=== Record set ===

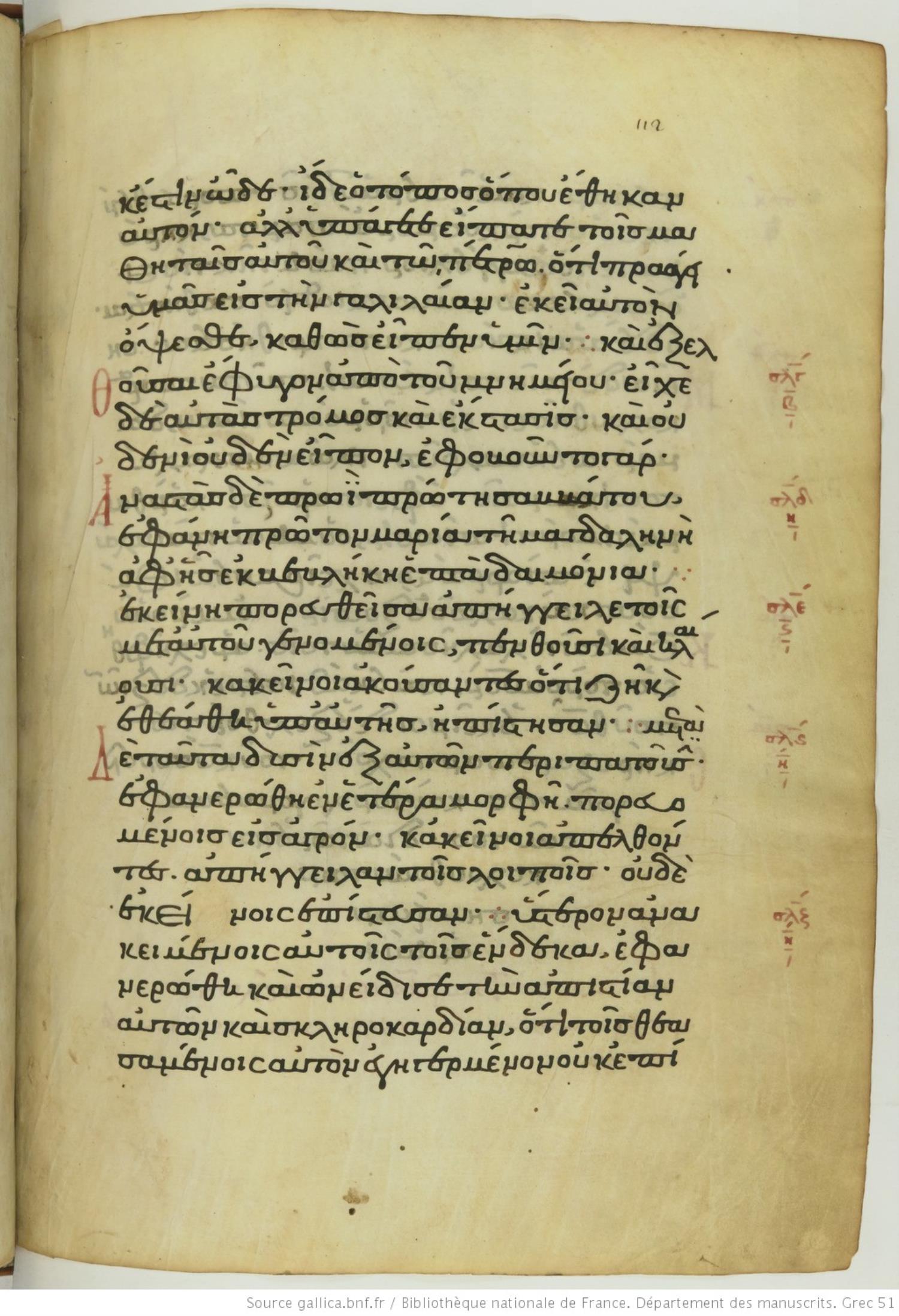 Thirteenth-century minuscule of the Gospels on parchment; 240 leaves; 1 column; 24 lines per column. The images are made available by the Bibliothèque Nationale. For recent digital images, visit BNF Gallica.
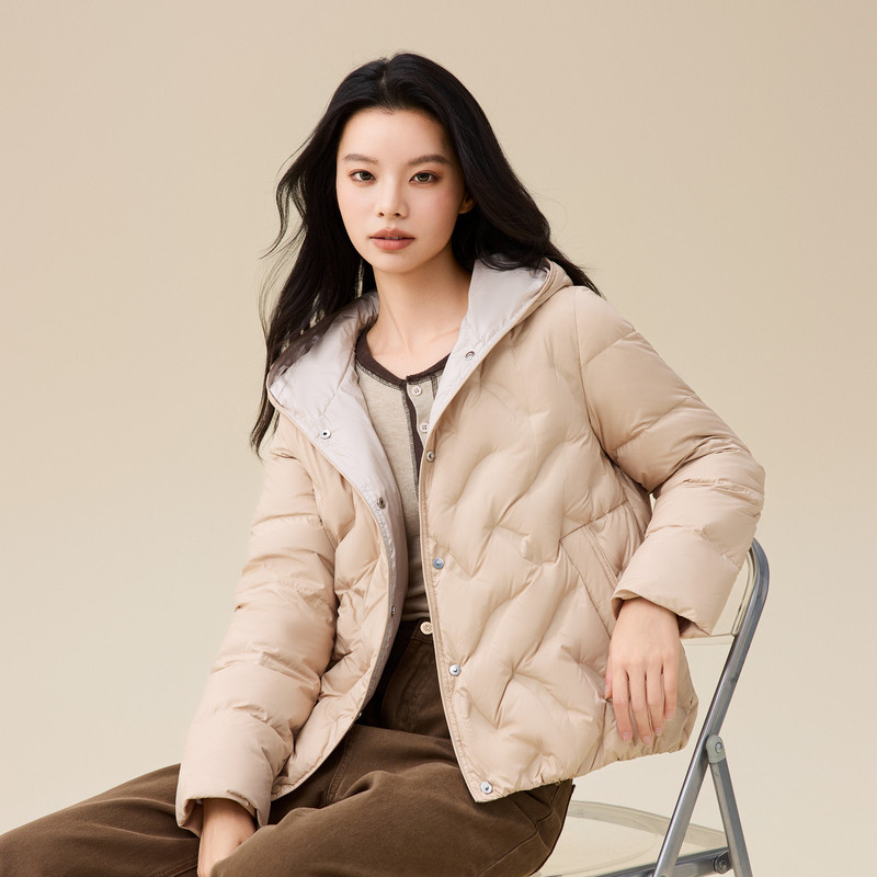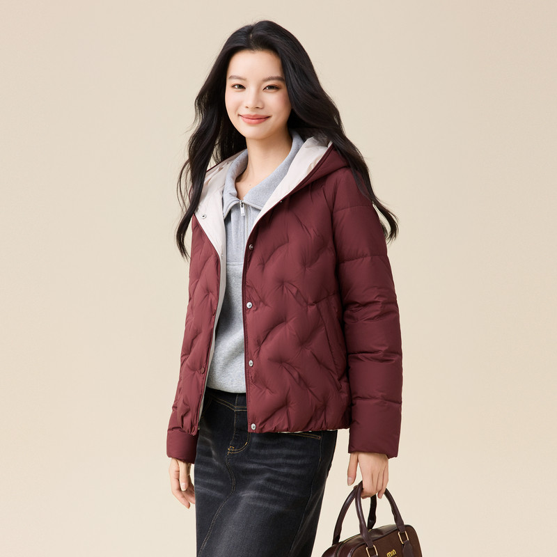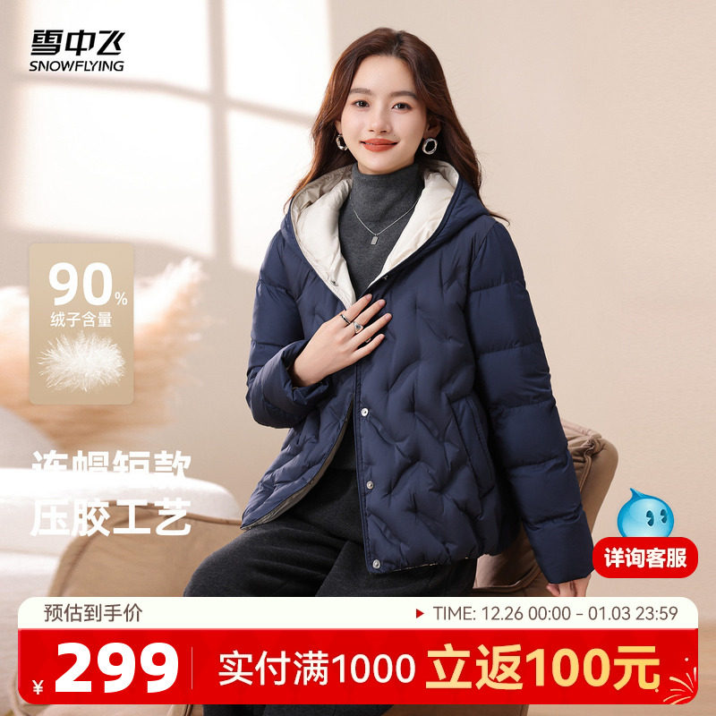 雪中飞2025冬新款女士户外撞色轻薄连帽羽绒服直筒韩版小短款
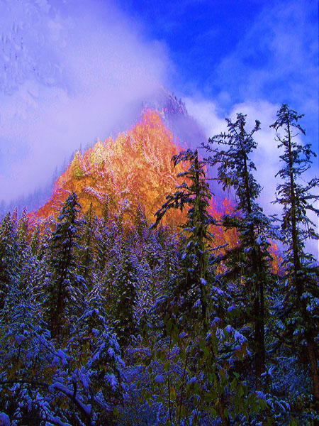 上午在九寨沟全是雾,突沿来了光,我抓怕下来,一会就没来。
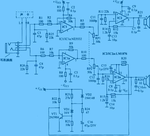 IC1及周圍元件組成緩沖放大級,電路增益=R4/(R1+R2)=50/(10+0.1)≈5倍。為了避免在電腦關(guān)機后,在聲卡停止工作時,前置放大器輸入端懸空,處于高阻抗輸入狀態(tài),將感應到的50Hz交流電信號送到后級電路放大,從而在揚聲器中出現(xiàn)較強的噪聲,特設(shè)置了22kΩ電阻R25、R26,這樣不但可以將輸入阻抗限制在22kΩ,避免前置電路工作在高阻抗狀態(tài),還可以對50Hz感應信號進行有效的抑制,提高整機信噪比。
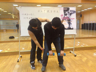 一系列的理论知识介绍后,由刘威教练实地带领同学们大胆尝试各种健身方式。刘威教练在亲身示范练习肩部、背部、腹部等身体各部分肌肉的训练方法及注意事项后,邀请同学们上来进行健身动作的尝试,并耐心的纠正大家健身过程中出现的不规范动作。同学们积极响应,跃跃欲试。在实践中真正掌握正确的健身方式。

===

What is being asked:
In the data above, find the line with "上午在九寨沟全是雾,突沿来了光,我抓怕下来,一会就没来。" and repeat it and every line after it through the end, exactly; leave the pictures out.

Answer for the task:
 上午在九寨沟全是雾,突沿来了光,我抓怕下来,一会就没来。
 IC1及周圍元件組成緩沖放大級,電路增益=R4/(R1+R2)=50/(10+0.1)≈5倍。為了避免在電腦關(guān)機后,在聲卡停止工作時,前置放大器輸入端懸空,處于高阻抗輸入狀態(tài),將感應到的50Hz交流電信號送到后級電路放大,從而在揚聲器中出現(xiàn)較強的噪聲,特設(shè)置了22kΩ電阻R25、R26,這樣不但可以將輸入阻抗限制在22kΩ,避免前置電路工作在高阻抗狀態(tài),還可以對50Hz感應信號進行有效的抑制,提高整機信噪比。
 一系列的理论知识介绍后,由刘威教练实地带领同学们大胆尝试各种健身方式。刘威教练在亲身示范练习肩部、背部、腹部等身体各部分肌肉的训练方法及注意事项后,邀请同学们上来进行健身动作的尝试,并耐心的纠正大家健身过程中出现的不规范动作。同学们积极响应,跃跃欲试。在实践中真正掌握正确的健身方式。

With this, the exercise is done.